Funchoza With Vegetables And Chicken

Table of contents:

Funchoza With Vegetables And Chicken
Funchoza With Vegetables And Chicken

Video: Funchoza With Vegetables And Chicken

Video: Funchoza With Vegetables And Chicken
Video: Funchoza with chicken and vegetables in Soy sauce 2024, May
Anonim

Funchoza is thin rice or starchy noodles. Very often it is called “glassy”, as it acquires its characteristic transparency during cooking. Funchoza goes well with vegetables and chicken.

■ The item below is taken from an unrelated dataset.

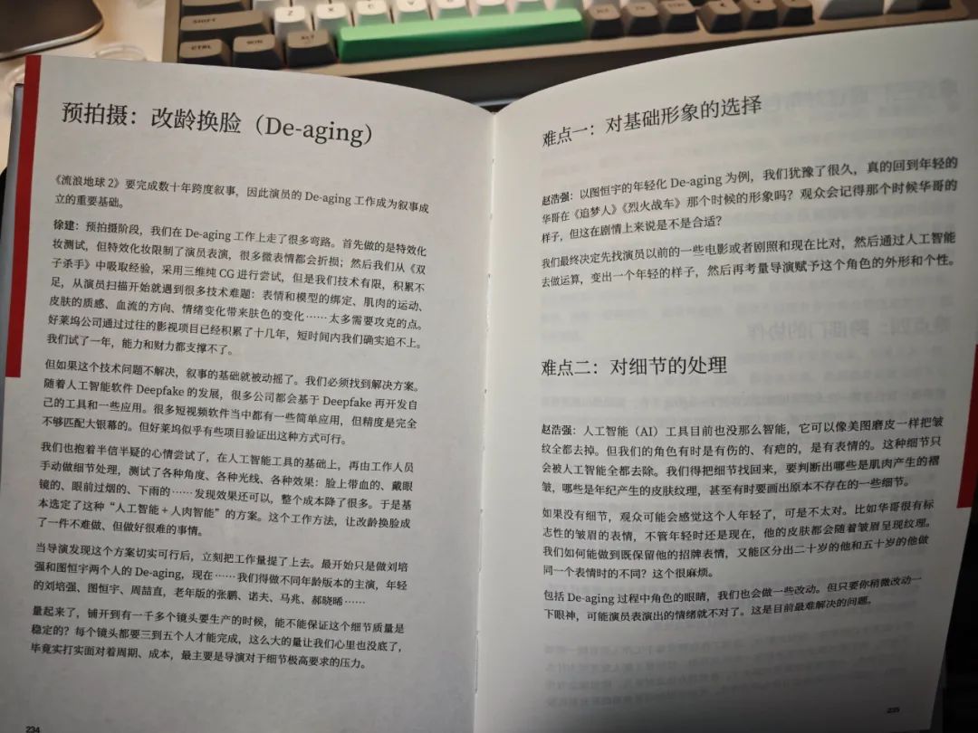 说实话,AI在影视中的运用也不是第一次。相对近的就有《流浪地球2》,刘德华和吴京在影片中年轻态的样貌就是使用了AI,也就是郭帆常说的,AI增龄减龄。

Funchoza with vegetables and chicken
Funchoza with vegetables and chicken

It is necessary

  • - 500 g chicken fillet;
  • - 2 onions;
  • - 1 carrot;
  • - 350 g green beans;
  • - 1 bell pepper;
  • - a clove of garlic;
  • - 3 tbsp. rice vinegar or a mixture of 2 tbsp. table vinegar with 1/2 tsp. salt and 1 tsp. Sahara;
  • - salt and pepper to taste.

Instructions

Step 1

Put funchose in a bowl, cover with hot water and leave for 5-10 minutes. At this time, rinse the chicken fillet, pat dry and cut into small pieces. Peel the onion and cut into thin half rings.

Step 2

Pour a few tablespoons of vegetable oil into the pan and place the prepared chicken fillet. Fry it over high heat for 5-7 minutes. Stir the fillets continuously during cooking. Add chopped onion and season with salt and pepper. Keep the skillet on medium heat for a few more minutes. Then remove and leave to cool.

Step 3

Throw the noodles in a colander and rinse under running water. Peel the bell peppers and cut into thin strips. Grate the carrots on a coarse grater. Put the green beans in a saucepan with boiling water and cook for 5-6 minutes. Then fold it in a colander and wait for the water to drain.

Step 4

Chop the garlic finely and place in a frying pan with three tablespoons of vegetable oil. Keep on fire for a couple of minutes. Add the green beans, bell peppers, and carrots. Stir the vegetables and sauté for 5 minutes. Season with salt and pepper to taste at the end of cooking.

Step 5

Combine funchose with vegetables and chicken in a separate bowl. Add soy sauce and rice vinegar. Leave the dish at room temperature for 1 hour. It can be served both cold and hot. Decorate with sprigs of herbs and sesame seeds.